The death of a young rape victim in from Delhi has reopened a debate in India about the country’s sexual assault and rape laws, as sweeping changes are being demanded to improve women’s rights in the country.

Compared to the much of the rest of the world, sections of India’s laws covering rape are inadequate and narrowly defined, critics say. And India’s way of delivering justice to rape victims is replete with loopholes, they say.

The debate comes as the Indian government reviews the country’s laws and punishments for sexual assault, in the wake of widespread protests and calls for judicial action. The government has formed a panel of three legal experts, headed by a former chief justice of India, J.S. Verma, to review possible amendments, including those that would impose more stringent punishment. The committee is expected to submit its report by the end of January.

India’s current definition of rape is steeped in outmoded traditions, making the possibility of a conviction unlikely in many cases, human rights activists said. The law, which dates from 1860, has been amended only twice since then, in 1983 and 2003. “There is need for a much broader definition of rape, as is accepted by international standards,” said Meenakshi Ganguly, South Asia director of Human Rights Watch.

Currently, section 375 of the Indian Penal Code is defined as vaginal-penile intercourse against a woman’s consent. Excluded from the law is the rape of a woman by her husband if the woman is above 15 years of age.

“The world is changing, and because there are changes in society we need to modify the definition of the rape law,” said Monica Joshi, a law officer at the Human Rights Law Network in New Delhi who specializes in women’s cases. “The law needs to include things like oral penetration, anal penetration, insertion of a foreign object into a woman’s body, dating rape, marital rape and deal with direct and indirect consent.”

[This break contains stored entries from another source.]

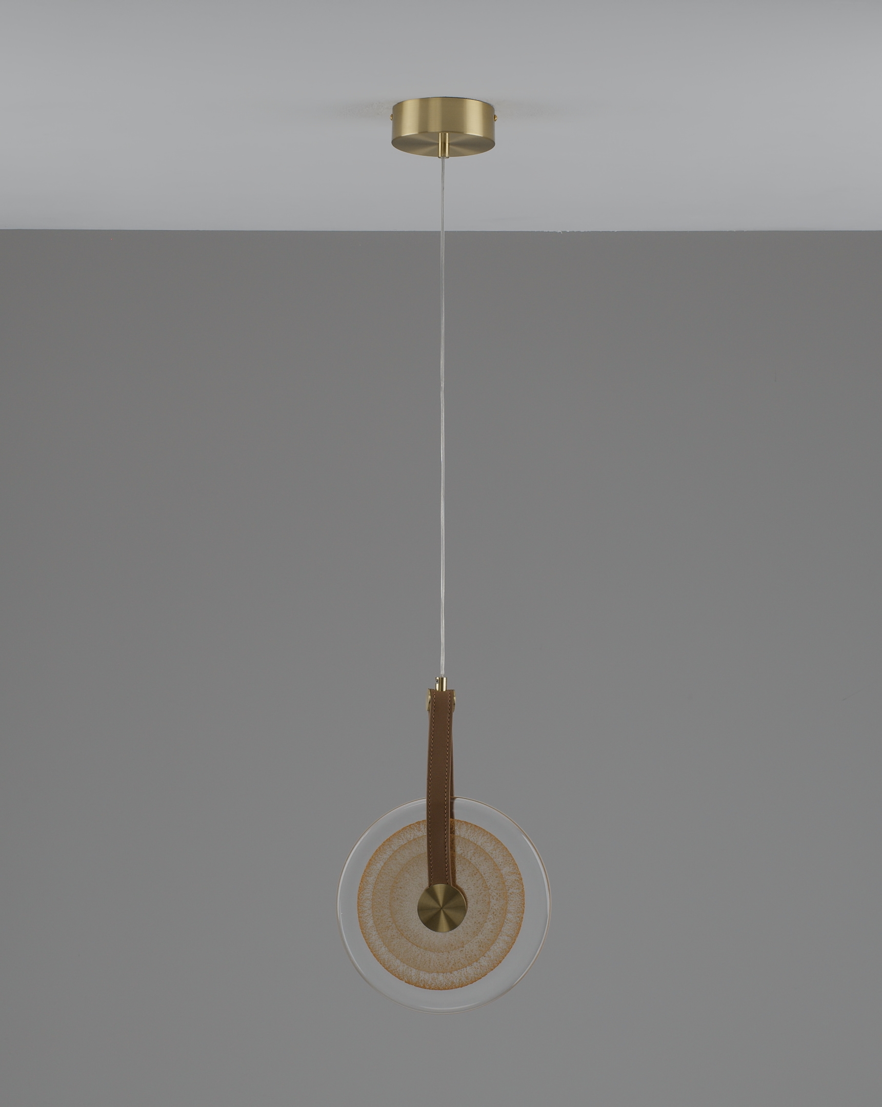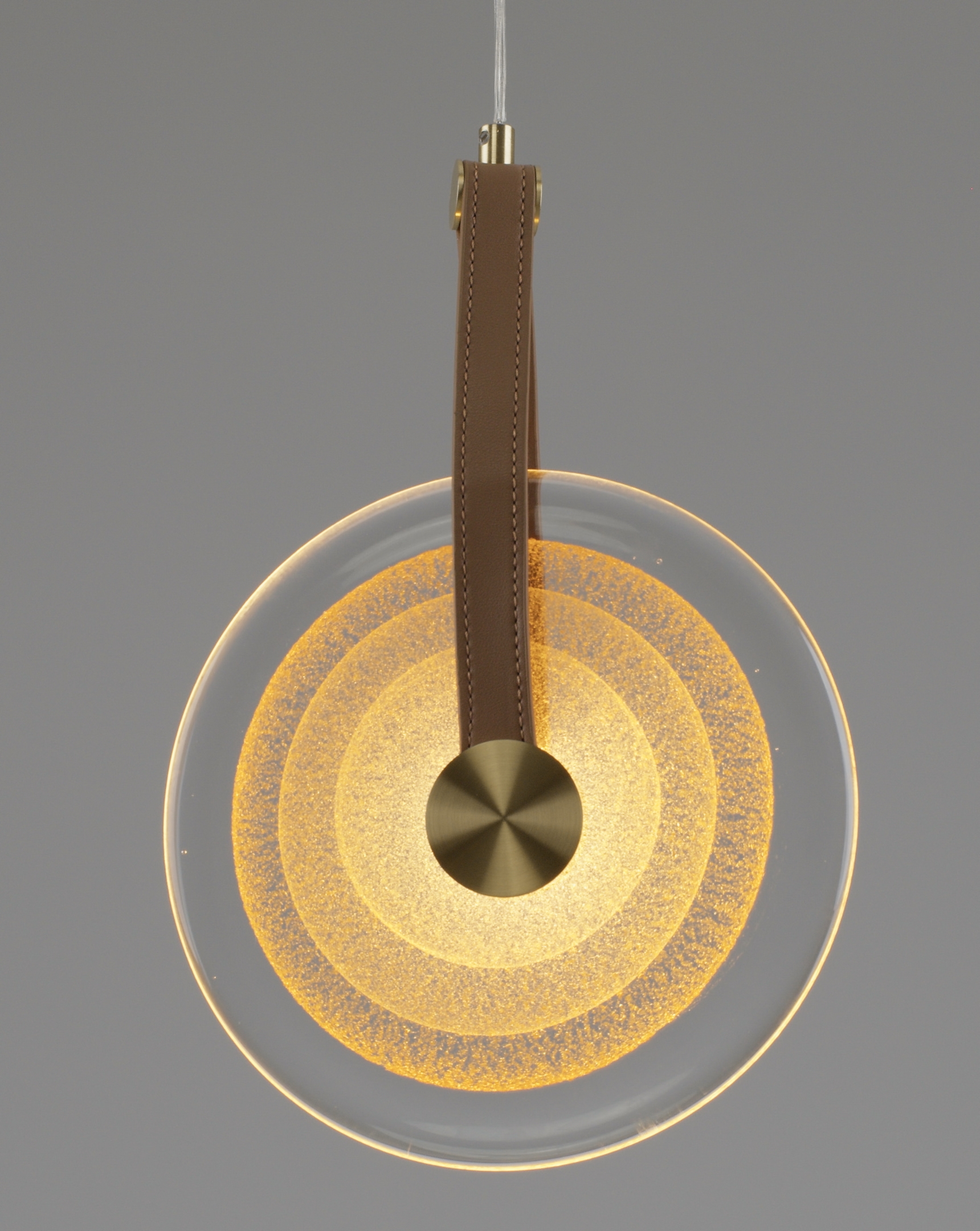 Подвесной светодиодный светильник Moderli V11680-PL Orbique с золотым стеклом и декором из экокожи
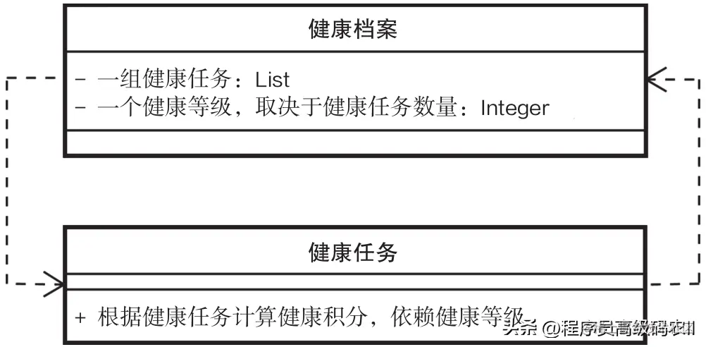 这个案例描述了医疗健康类系统中的一个常见场景,每个用户都有一份健康档案,存储着代表用户当前健康状况的健康等级以及一系列的健康任务。用户每天可以通过完成医生所指定的任务来获取一定的健康积分,而这个积分的计算过程取决于该用户当前的健康等级。也就是说,不同的健康等级下完成同一个任务所能获取的积分也是不一样的。反过来,等级的计算也取决于该用户当前需要完成的任务数量,任务越多说明用户越不健康,其健康等级也就越低。健康档案和健康任务之间的关联关系如图2-4所示。
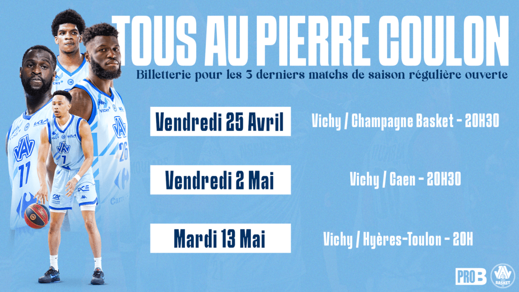 Grâce à la 9e place de notre équipe, nos Vichyssois disputeront donc le premier match de play-in à domicile face à Antibes, ce Vendredi 16 Mai à 20h30.
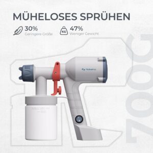 Das Tilswall Farbsprühsystem setzt neue Maßstäbe in Sachen Ergonomie und Komfort. Das Gehäuse wurde unter Verwendung spezieller Leichtbaumaterialien entwickelt, die das Gerät im Vergleich zu handelsüblichen Sprühpistolen massiv erleichtern. Dies ist besonders bei Projekten relevant, die etwas mehr Zeit in Anspruch nehmen, wie das Streichen eines gesamten Lattenzauns oder eines umfangreichen Schranksets.
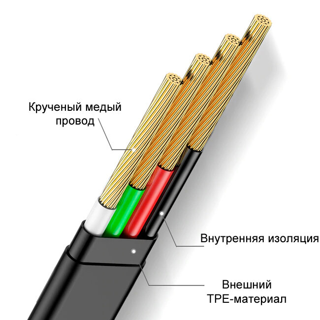 | Плюсы: | Качественный кабель, не запутывается, заряжает как родной. |
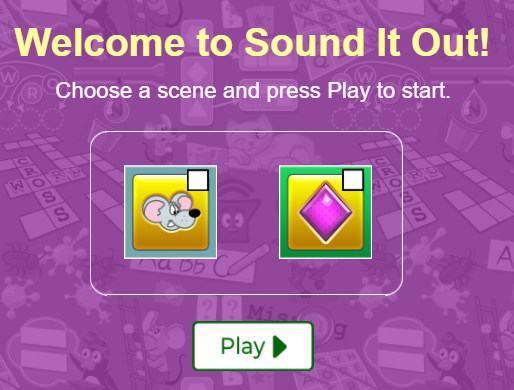 - Trước khi bắt đầu, bé sẽ chọn 1 bối cảnh (scene) - nơi diễn ra trò chơi bằng cách tick vào ô hình chuột hoặc ô hình kim cương rồi nhấn Play.

Both Britain and most states in the United States consider marital rape a legal offense, noted Pinky Anand, a Supreme Court lawyer who specializes in cases for women, constitutional law and international law.

Still, there is a “progressive” part of Indian law compared to laws in some parts of the United States and in Britain, said Mrinal Satish, an associate professor at the National Law University in Delhi, who is completing his doctoral dissertation at Yale Law School. In India, the prosecution is required to prove that the defendant knew that the woman was not consenting to intercourse and only relies on the victim’s testimony, not the defendant’s belief, Mr. Satish said.

But this is also where the ambiguities arise. The court, said Mr. Satish, has to be satisfied that the woman’s testimony is reliable. Stereotyping based on certain characteristics, like whether the victim is a virgin or married, plague judgments in rape cases and usually have a negative impact, he said.

The current law also lacks clarity about punishments for a convicted rapist. According to section 376 of the Indian Penal Code, the minimum sentence for a convicted rapist is seven to 10 years, while the maximum sentence is life imprisonment. Gang rape carries a punishment of 10 years to life imprisonment. However, in certain situations a convicted rapist can get away with serving less time.

“The law allows the judge discretion to award a lesser punishment in special cases such as an aged person or a person of unsound mind,” says Ujjwal Nikam, a special public prosecutor for the government of Maharashtra whose expertise is in criminal law.

Sentencing guidelines for judges in India are nonexistent, which could lead to lenient sentences in rape cases, critics say.

“Unlike some other countries, such as the United States and England, India does not have sentencing guidelines, which provide rules and principles for judges to follow while sentencing,” said Mr. Satish. This contributes to the “rampant disparity” in punishments for rape cases, he said.

Legal experts in India are debating increasing the maximum punishment for rape in India, which could include the death penalty.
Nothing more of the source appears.